Hope. Maybe. Or delusion.

The belief that somehow this ends without everyone destroyed.

My hands are covered in paint.

Under my nails, between my fingers, up my arms where I pushed my sleeves back.

I probably have it on my face too from pushing my hair back.

I look like I've been in a beautiful war.

A knock at my door. Soft. Hesitant.

"Elfe?" Helle's voice. "Mom needs you."

I stand, muscles protesting from sitting on the floor for so long.

The painting stays propped against the wall, still wet, still breathing with fresh trauma.

Later I'll probably destroy it.

Or maybe I'll keep it as evidence of this moment when everything was falling apart but I was still here, still creating, still fighting in the only way I know how.

The kitchen smells like whiskey and fear.

My mother sits at the table, a bandage wrapped around her head like a crown of gauze.

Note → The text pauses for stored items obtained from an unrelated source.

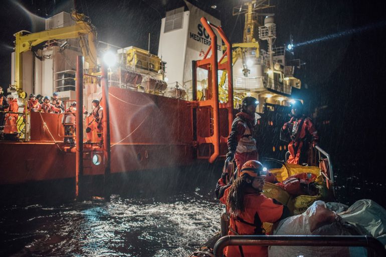 MV Aquarius braves cold and stormy weather to search for and rescue troubled refugee boats crossing the sea at night.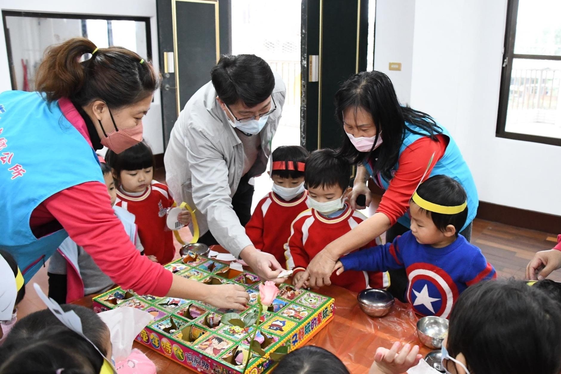 幼吾幼以及人之幼,為讓鄉幼孩子們感受農曆年的節慶歡樂,吉安鄉立幼兒園於14日中午舉辦「圍爐辦桌啦!」活動,邀來鄉長游淑貞、鄉公所課室所叔叔阿姨們,與全校師生圍爐共享團圓年節。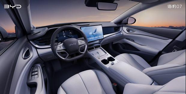 进入车内,海豹07 EV沿用海洋美学理念,中控台为环绕式布局,配备“2+1”式联动屏幕与W-HUD抬头显示系统。换挡机构采用怀挡设计,使中央通道区域更显简洁,该区域布置有车载冷暖冰箱及无线快充等功能。座椅运用波浪缝线工艺,预计将提供通风、加热及按摩等多种舒适配置。据悉,新车有望搭载最新的智能驾驶系统,全系支持城市导航辅助驾驶功能。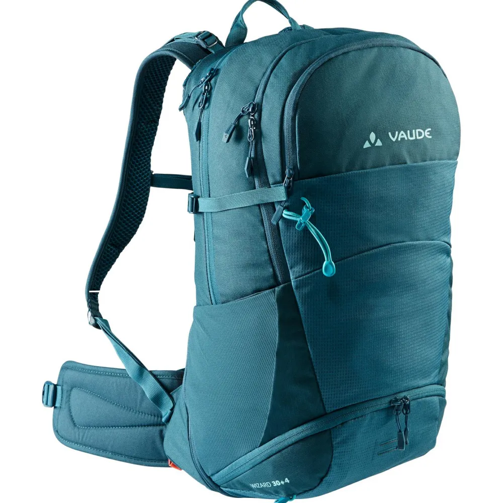 Der Wizard 30+4 ähnelt vom Design einem großen Trekking- oder Reiserucksack und kommt mit einem praktischen Bodenfach, das über eine zusätzliche Bodenfachtrennung verfügt. So können Teile der Ausrüstung gesondert aufbewahrt und transportiert werden. Bei Bedarf lässt sich die Bodenfachtrennung auch entfernen, sodass das Hauptfach auch bequem über den vorderen Reißverschluss erreichbar ist. Der Vaude Wanderrucksack ist für die Aufnahme von Trinksystemen vorbereitet und verfügt über seitliche Kompressionsriemen, Stockhalterung und Regenhülle.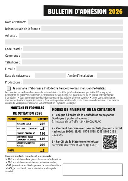 Vous souhaitez adhérer à la Confédération Paysanne Dordogne pour l'année 2026? Nous en sommes ravi.e.s !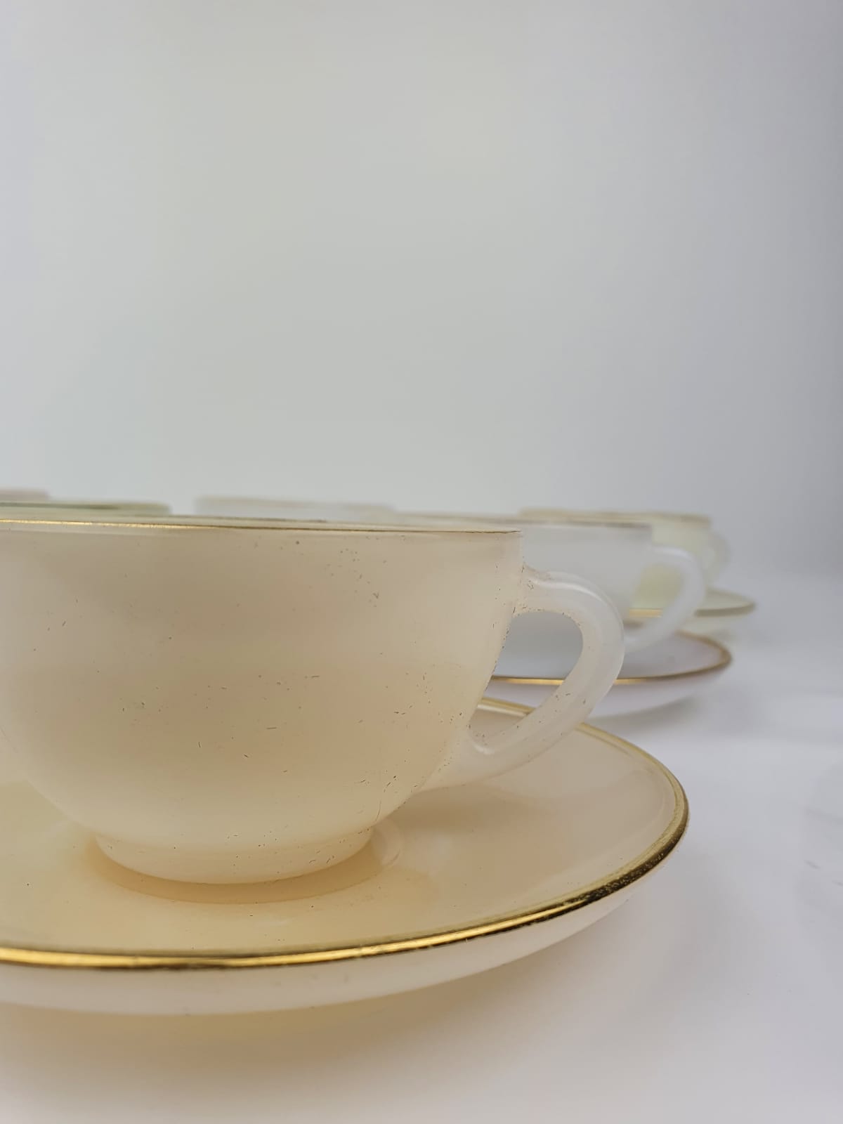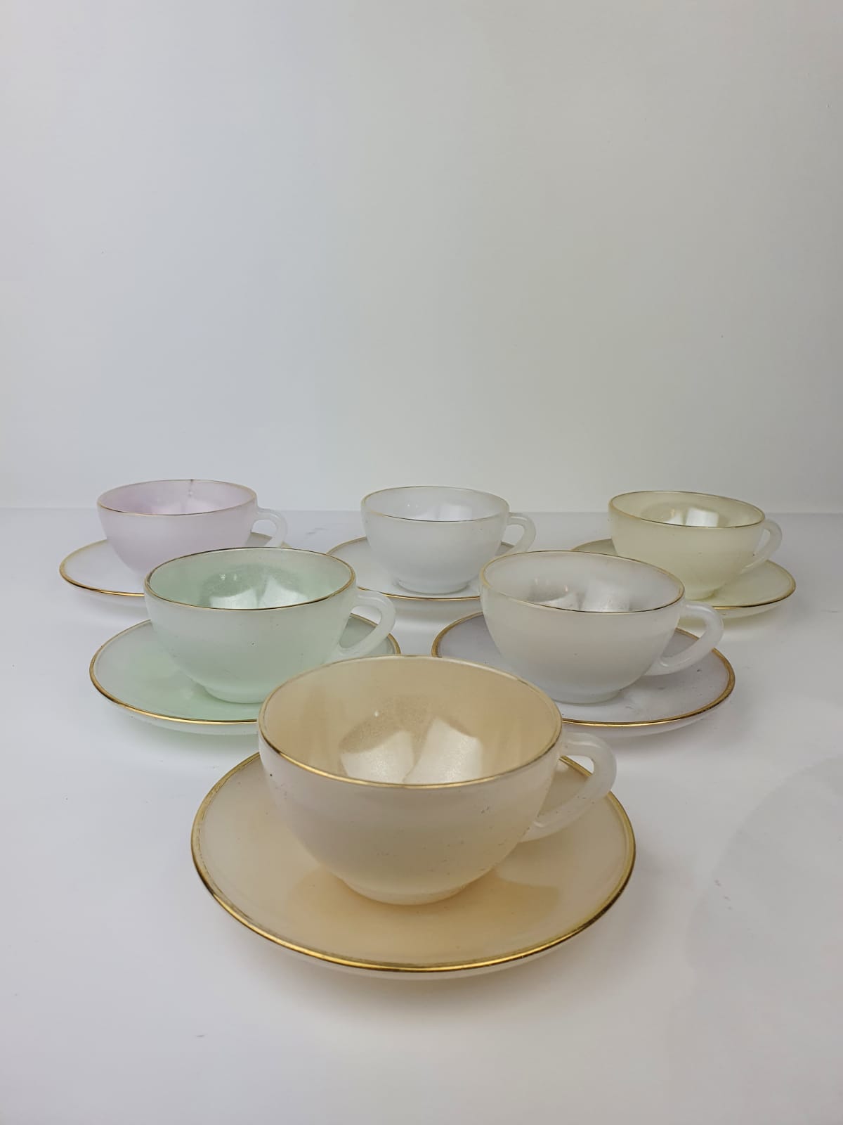 Produit venduSet de 6 tasses et sous-tasses a café en opaline. Produites par Arcopal dans les années 60.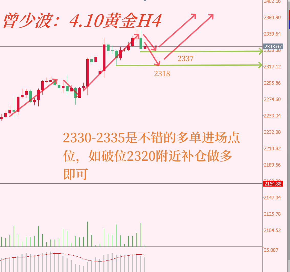 曾少波:4.14黄金下周走势分析及策略建议 朋友们周末愉快!上周基本上较大的行情都是在美盘中后段,也就是后半夜,近几周时间也是没来得及好好休息,周六补了一天的觉,关注曾少波的朋友们也要注意好放松调整,盈亏都不应影响必要的生活节奏,否则就全乱套了,市场生活两头都不能经营好。今天周日也要好好放空心情,再补充精力准备好下周的市场之旅。 黄金价格周五晚至周六凌晨下挫最低到达2333美元,距离2302目前最高支撑仅30多美元,周五尾盘末似乎触底反弹有接触2360-3265一线阻力的态势。那么我们的趋势看哪?如何入场? 走势分析: 通过周线可以看出仍是收阳,所以短期仍是看跌需要谨慎。一直是那个观点,对比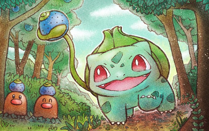 みどりの日なので、くさタイプのみんなでトトロごっこ! 木生やすやつ🌱 #みどりの日 #ポケモンイラスト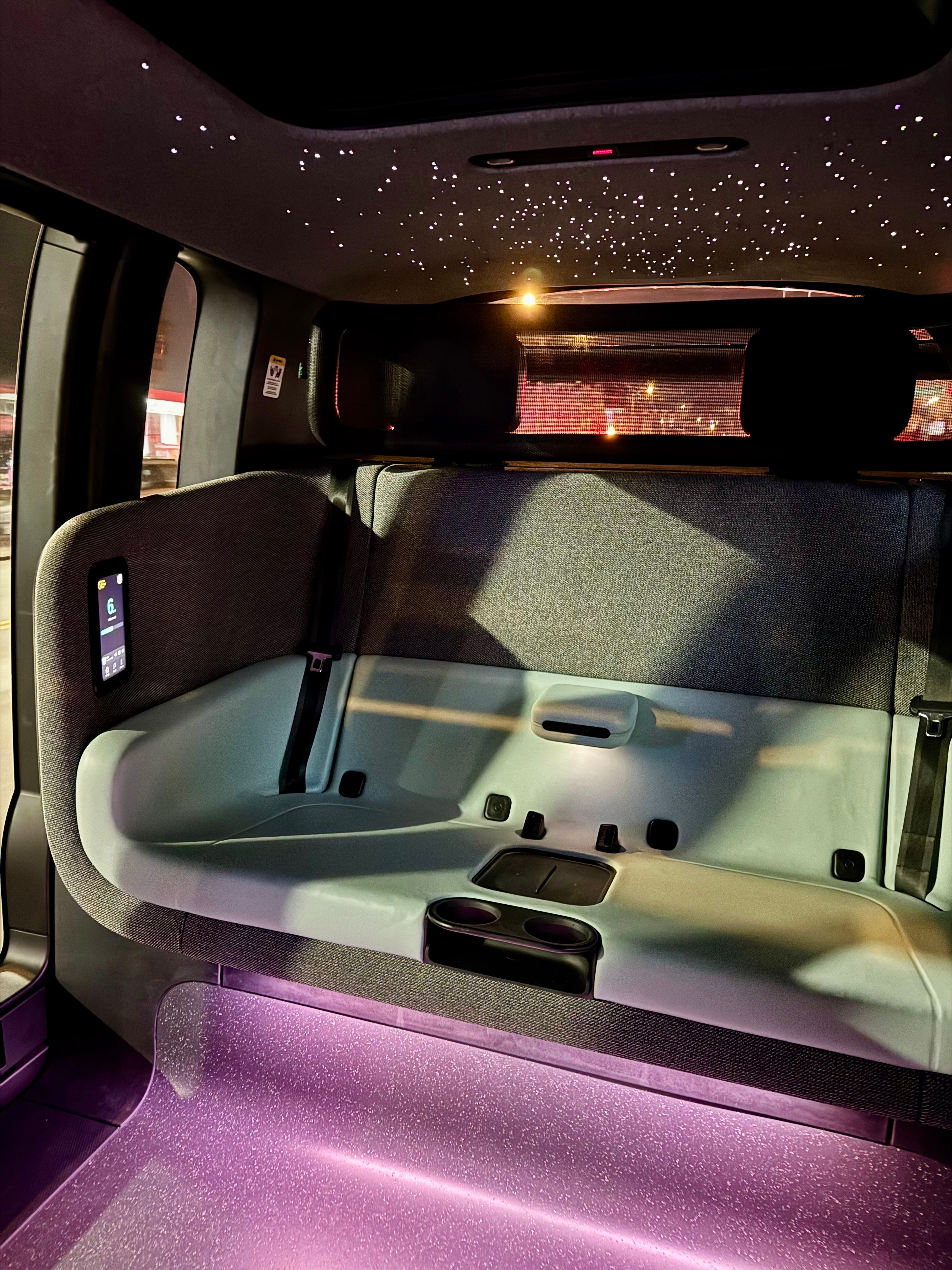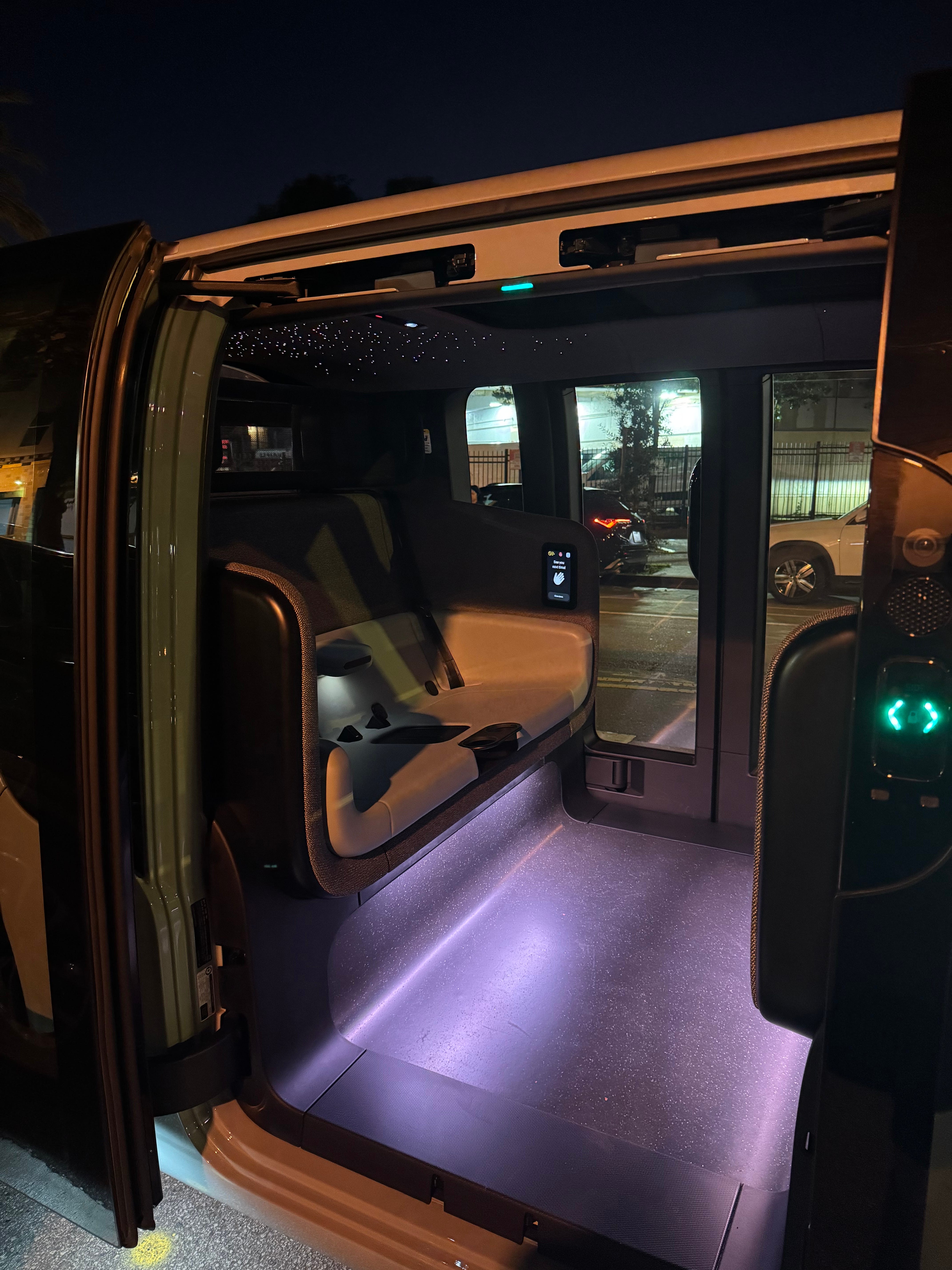 Then there are the magical touches that make the experience feel intentional rather than bolted on. I love the twinkling ceiling lights at night, and I remember being able to control the colors during a friends-and-family ride in Foster City, a feature I hope makes its way to public riders. Outside speakers play required backing up noises, while subtle, soothing music plays as the vehicle waits to pick you up. Inside, the sound and verbal cues - like opening and closing doors, buckling seatbelts, and starting and ending the ride - are clear without being intrusive, reinforcing that this experience was designed holistically, not pieced together. There’s something oddly satisfying and soothing about the signals when a ride starts or ends. I feel a sigh of relief and sense of wonder when I get in, consistent twinge of sadness when it cues the ride is ending, and a moment of accomplishment and satisfaction when I get out.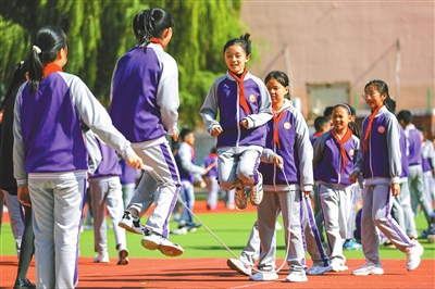 ①青島虎山路小學(xué)學(xué)生在課間15分鐘跳繩。張鷹 攝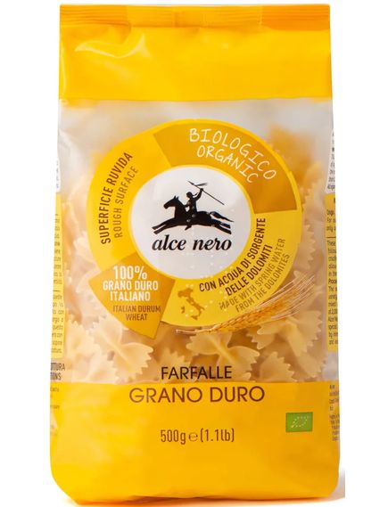 Фарфалле Alce Nero - органічна паста, виготовлена на основі борошна з італійської пшениці твердих сортів та джерельної води з Трентінських Альп. Створена у бронзовій матриці.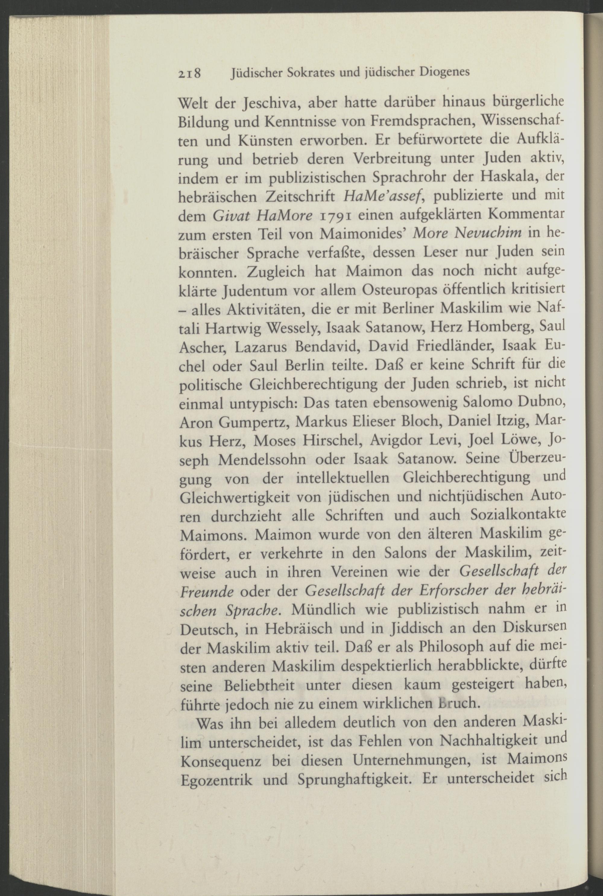 Welt der Jeschiva, aber hatte darüber hinaus bürgerliche Bildung und Kenntnisse von Fremdsprachen, Wissenschaften und Künsten erworben. Er befürwortete die Aufklärung und betrieb deren Verbreitung unter Juden aktiv, indem er im publizistischen Sprachrohr der Haskala, der hebräischen Zeitschrift HaMe’assef, publizierte und mit dem Givat HaMore 1791 einen aufgeklärten Kommentar zum ersten Teil von Maimonides’ More Nevuchim in hebräischer Sprache verfaßte, dessen Leser nur Juden sein konnten. Zugleich hat Maimon das noch nicht aufgeklärte Judentum vor allem Osteuropas öffentlich kritisiert - alles Aktivitäten, die er mit Berliner Maskilim wie Naf- tali Hartwig Wessely, Isaak Satanow, Herz Homberg, Saul Ascher, Lazarus Bendavid, David Friedländer, Isaak Eu- chel oder Saul Berlin teilte. Daß er keine Schrift für die politische Gleichberechtigung der Juden schrieb, ist nicht einmal untypisch: Das taten ebensowenig Salomo Dubno, Aron Gumpertz, Markus Elieser Bloch, Daniel Itzig, Markus Herz, Moses Hirschei, Avigdor Levi, Joel Löwe, Joseph Mendelssohn oder Isaak Satanow. Seine Überzeugung von der intellektuellen Gleichberechtigung und Gleichwertigkeit von jüdischen und nicht jüdischen Autoren durchzieht alle Schriften und auch Sozialkontakte Maimons. Maimon wurde von den älteren Maskilim gefördert, er verkehrte in den Salons der Maskilim, zeitweise auch in ihren Vereinen wie der Gesellschaft der Freunde oder der Gesellschaft der Erforscher der hebräischen Sprache. Mündlich wie publizistisch nahm er in Deutsch, in Hebräisch und in Jiddisch an den Diskursen der Maskilim aktiv teil. Daß er als Philosoph auf die meisten anderen Maskilim despektierlich herabblickte, dürfte seine Beliebtheit unter diesen kaum gesteigert haben, führte jedoch nie zu einem wirklichen Bruch.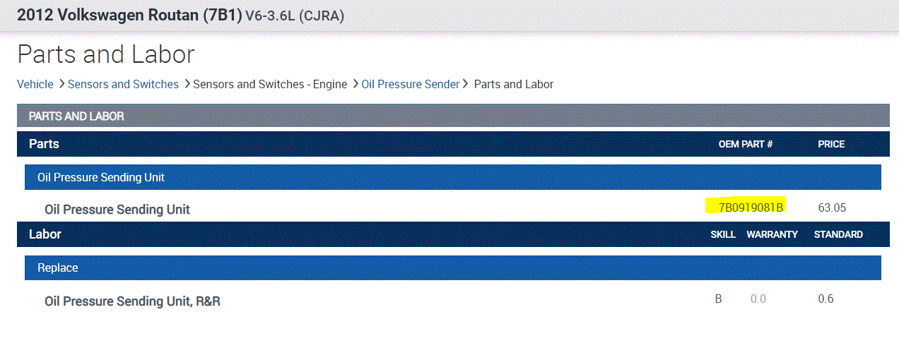 I have the part number for the oil pressure switch, but there isn't a listing for the oil temperature sensor. I attached the part number for the oil pressure switch. In all honesty, I would think they function differently, so I question if they are the same part.
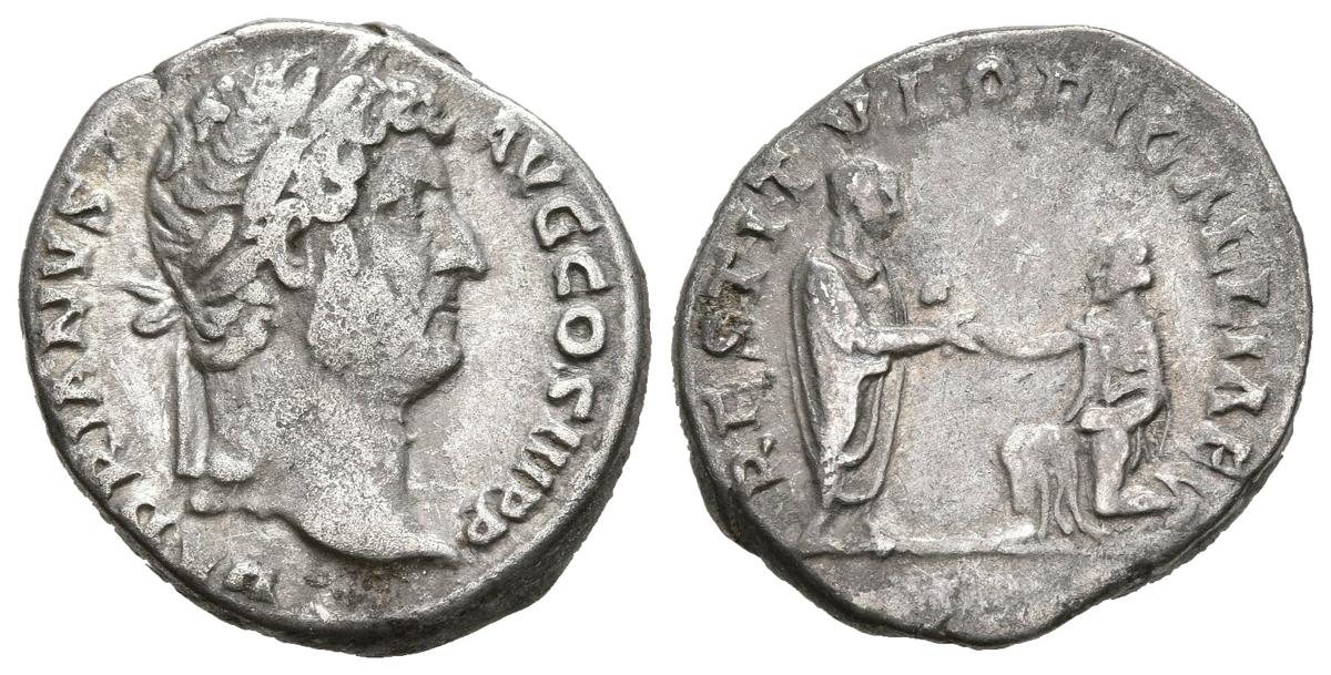 ADRIANO. Denario. (Ar. 3,57g/17mm). 134-138 d.C. Roma. (RIC 324). Anv: Busto laureado de Adriano a derecha, alrededor leyenda: HADRIANVS AVG COS III P P. Rev: Adriano estante a derecha levantando a Galia arrodillada a izquierda, alrededor leyenda: RESTITVTORI GALLIAE. MBC.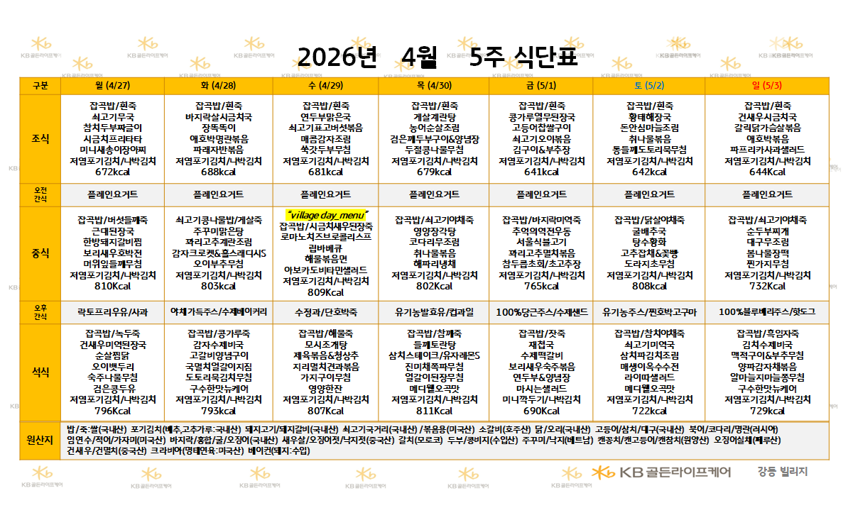 강동빌리지 [식단안내] 2026년 4월 5주 식단표 페이지 정보 작성자 최고관리자 댓글 0건 조회 3회 작성일 26-04-24 17:14 목록 본문 목록 이전글[식단안내] 2026년 4월 5주 식단표 26.04.24 다음글[식단안내] 2026년 4월 5주차 식단표 26.04.23

The blood's soaked through in spots, creating abstract patterns that remind me of my painting.

Helle's beside her, bottle of Jameson between them, two glasses already poured and a third waiting.

"How's your head?" I ask, sliding into the chair across from them.

"Hurts," Mom admits. She looks older than she did a week ago. The attack, the worry, the not knowing—it's aged her. "But I've had worse."

That's a lie. We all know it. But no one says a thing.

Helle pushes the third glass toward me. "Figured you could use this."

I take it, grateful.

The whiskey burns going down, cleaner than the paint fumes I've been breathing. "Any word?"

"Nothing," my mother says. "Runes called twenty minutes ago. They're still searching."

"He's alive," I say. Need to say. Need to believe. "Dad's too stubborn to die."

"Too stubborn for his own good," Mom agrees, but there's fondness in it. "Always has been."

We drink in silence for a moment.

Three women bound by blood and trauma, trying to find comfort in alcohol and our company.

"I'm sorry," I finally say. "For what I said. At the bar. I was cruel."

"You were honest," my mother corrects. "There's a difference."